-------- Given data --------
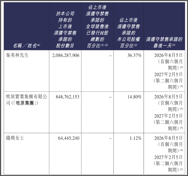 伴随着牧原股份H股上市,其创始人的财富也进一步增厚。数据显示,H股上市后,秦英林、钱瑛夫妇及一致行动人累计持股约达29.99亿股,股权比例52.29%;按每股40.54港元计,大股东所持股份市值超过1215亿港元。
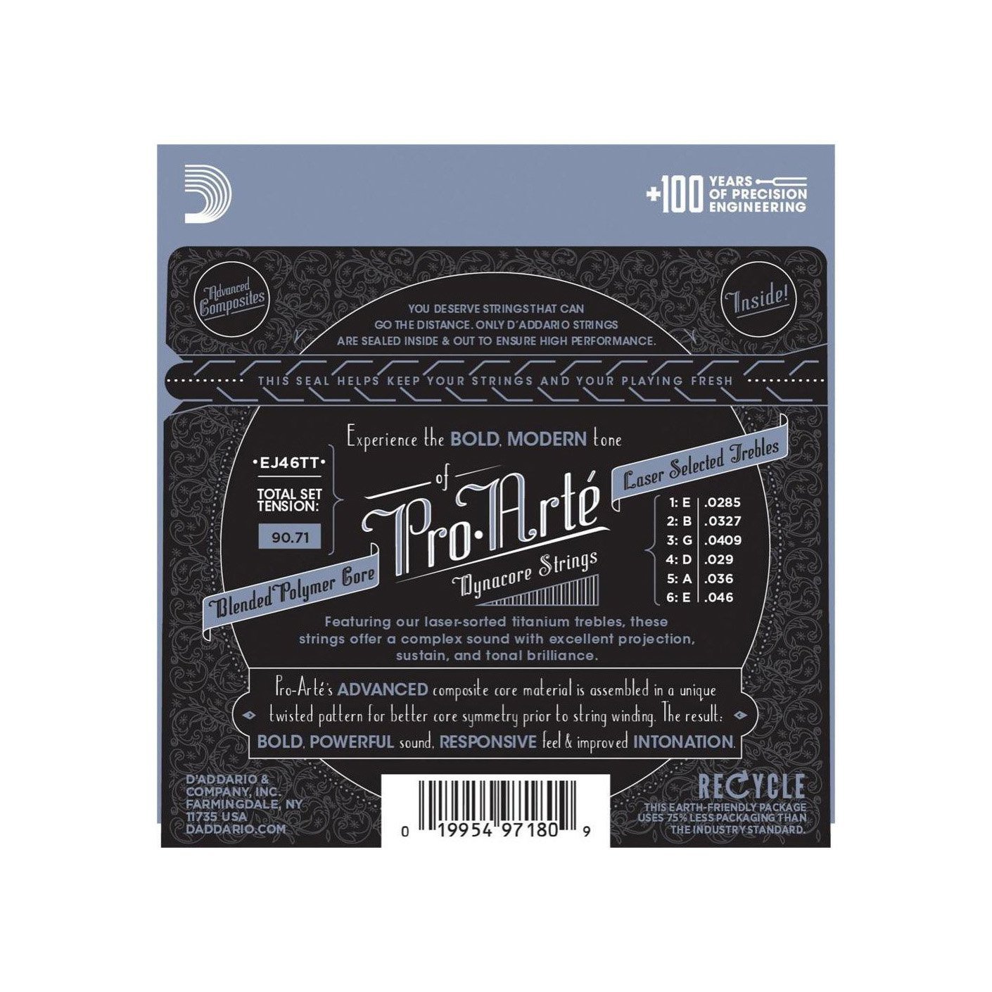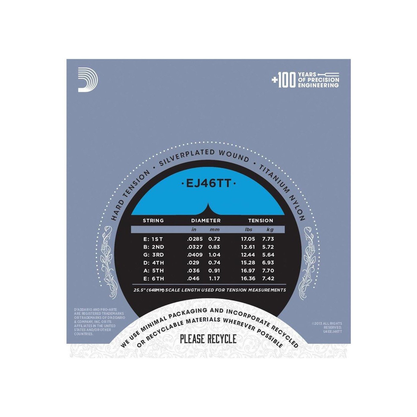 EJ46TT, Hard Tension. D'Addario Dynacore är för klassisk gitarr och med en flexibel kompositkärna som ger en krafull och fyllig ton. Diskantsträngarna är tillverkade av titaniummaterial för klarhet och tonal balans.
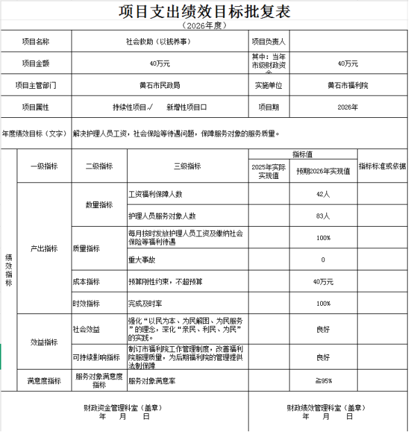 (7)2026年度项目绩效总目标是:该项目资金用于弥补老年人服务工作经费不足部分,加强福利机构建设,提升老年人集中供养工作质量。
--------
■ What you have to do
None of the pictures should appear; copy the rest of the material above exactly.

■ Completed exercise
 伴随着牧原股份H股上市,其创始人的财富也进一步增厚。数据显示,H股上市后,秦英林、钱瑛夫妇及一致行动人累计持股约达29.99亿股,股权比例52.29%;按每股40.54港元计,大股东所持股份市值超过1215亿港元。
 EJ46TT, Hard Tension. D'Addario Dynacore är för klassisk gitarr och med en flexibel kompositkärna som ger en krafull och fyllig ton. Diskantsträngarna är tillverkade av titaniummaterial för klarhet och tonal balans.
 (7)2026年度项目绩效总目标是:该项目资金用于弥补老年人服务工作经费不足部分,加强福利机构建设,提升老年人集中供养工作质量。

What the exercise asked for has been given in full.